Re: pgs stuck inactive

Brad Hubbard <bhubbard@xxxxxxxxxx> · Sun, 12 Mar 2017 21:06:16 +1000



On Sun, Mar 12, 2017 at 7:51 PM, Laszlo Budai <laszlo@xxxxxxxxxxxxxxxx> wrote:
> Hello,
>
> I have already done the export with ceph_objectstore_tool.

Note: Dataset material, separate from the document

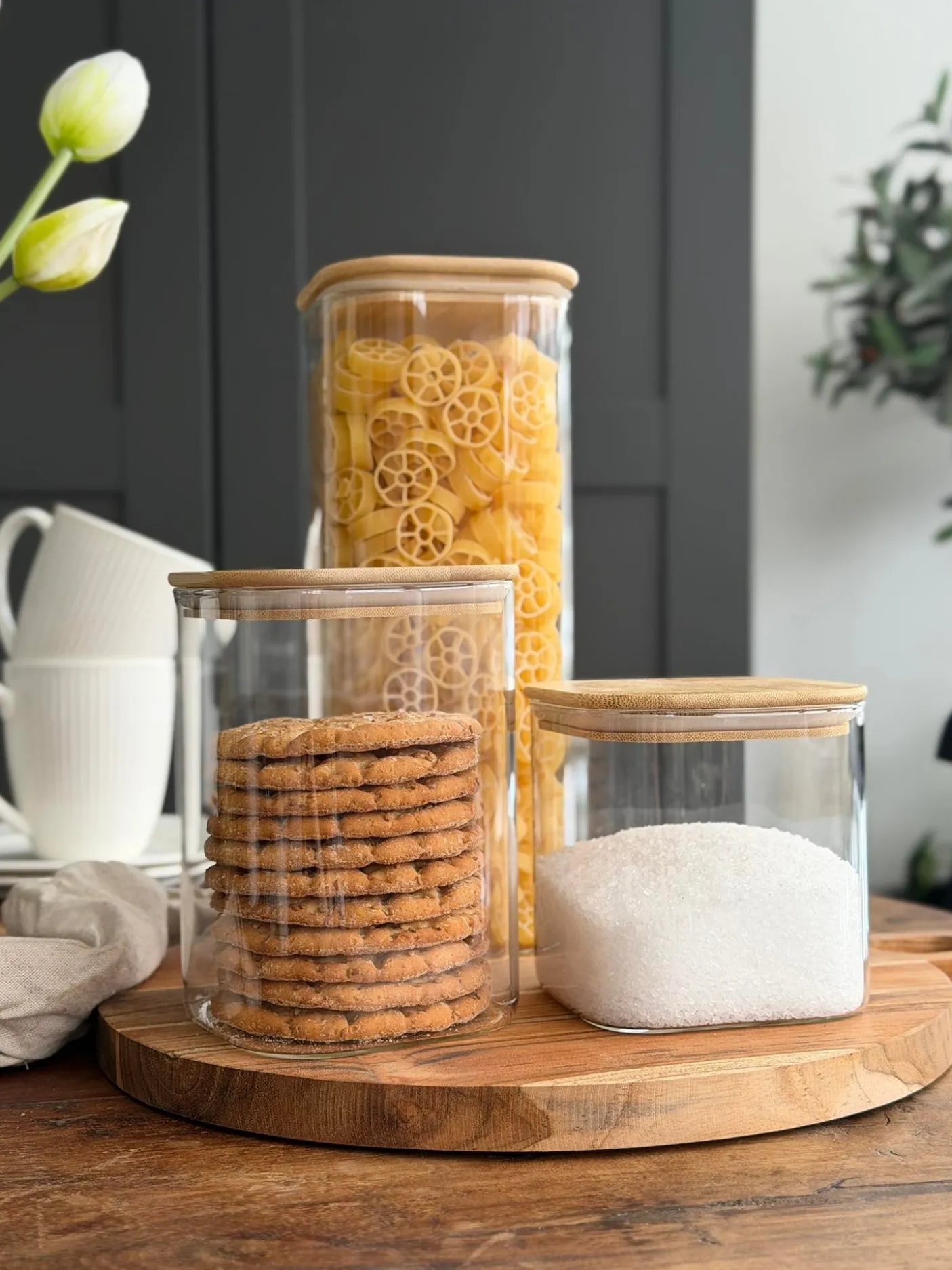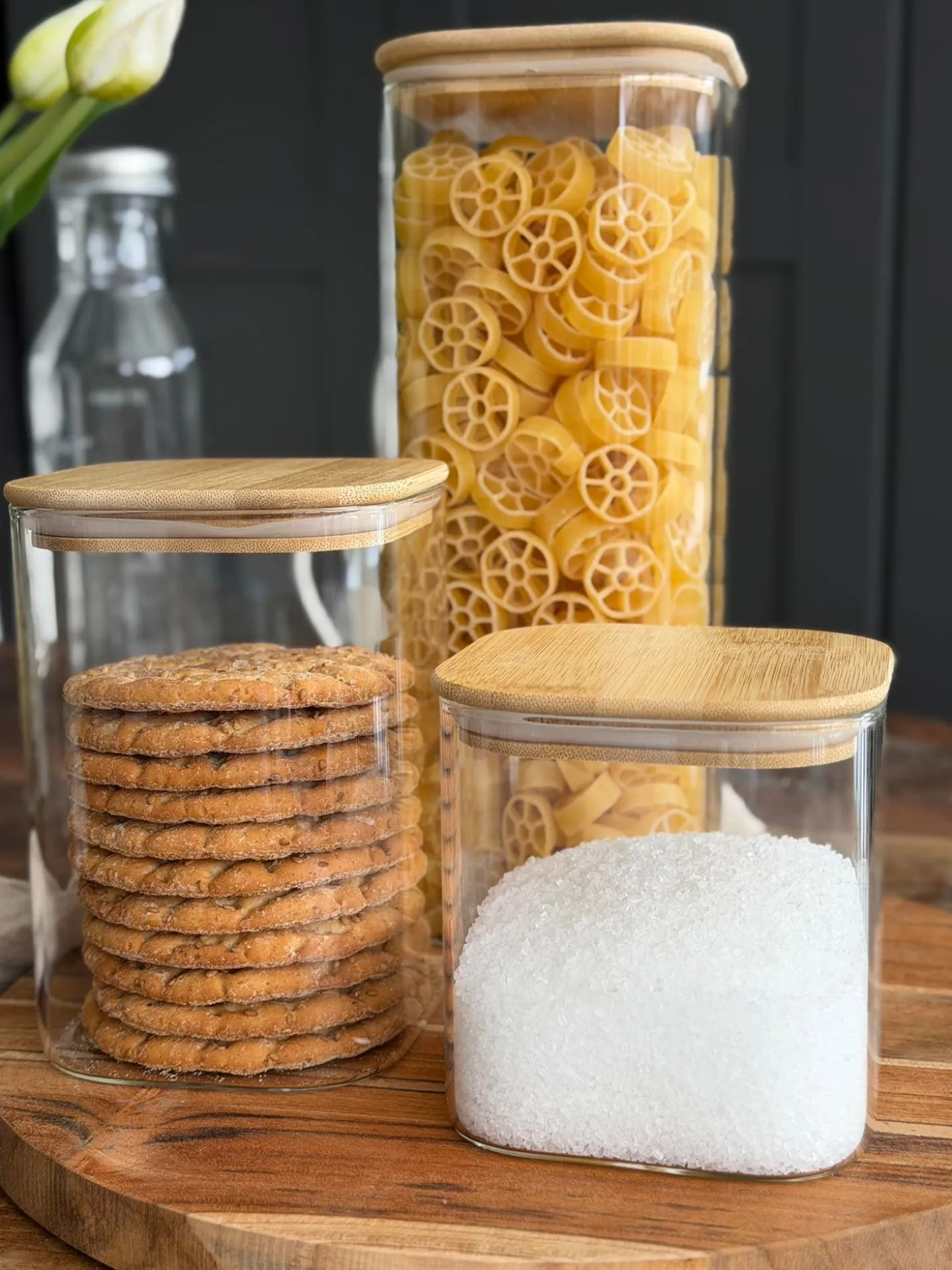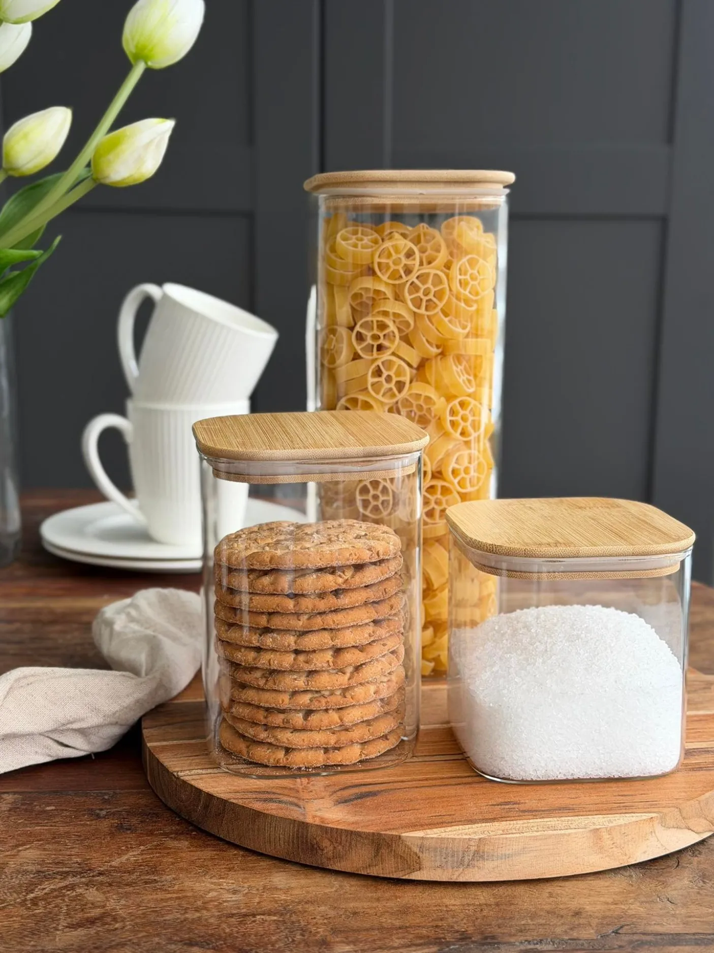 Opbevaringsglassene er i glas og har bambuslåg, som giver et enkelt og varmt look, der passer ind i mange køkkener og indretninger.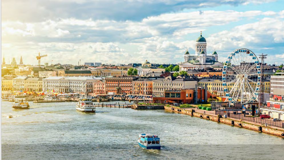 Helsinki, a capital da Finlândia, também é conhecida como “A Filha do Mar Báltico”. O roteiro inclui a Praça do Senado, a Universidade e a Catedral Luterana, todas com arquitetura neoclássica da década de 1840; a colori- da Praça do Mercado à beira-mar no Porto Sul; o Parque Kaivopuisto e as residências diplomáticas; a imponente estátua do Marechal Mannerheim; o Edifício do Parla- mento; o Finlandia Hall; a Igreja Ortodoxa Russa Uspens- ki; e o Monumento a Sibelius.

I just have to
> decide which OSDs to keep.
> Can you tell me why the directory structure in the OSDs is different for the
> same PG when checking on different OSDs?
> For instance, in OSD 2 and 63 there are NO subdirectories in the
> 3.367__head, while OSD 28, 35 contains
> ./DIR_7/DIR_6/DIR_B/
> ./DIR_7/DIR_6/DIR_3/
>
> When are these subdirectories created?
>
> The files are identical on all the OSDs, only the way how these are stored
> is different. It would be enough if you could point me to some documentation
> that explain these, I'll read it. So far, searching for the architecture of
> an OSD, I could not find the gory details about these directories.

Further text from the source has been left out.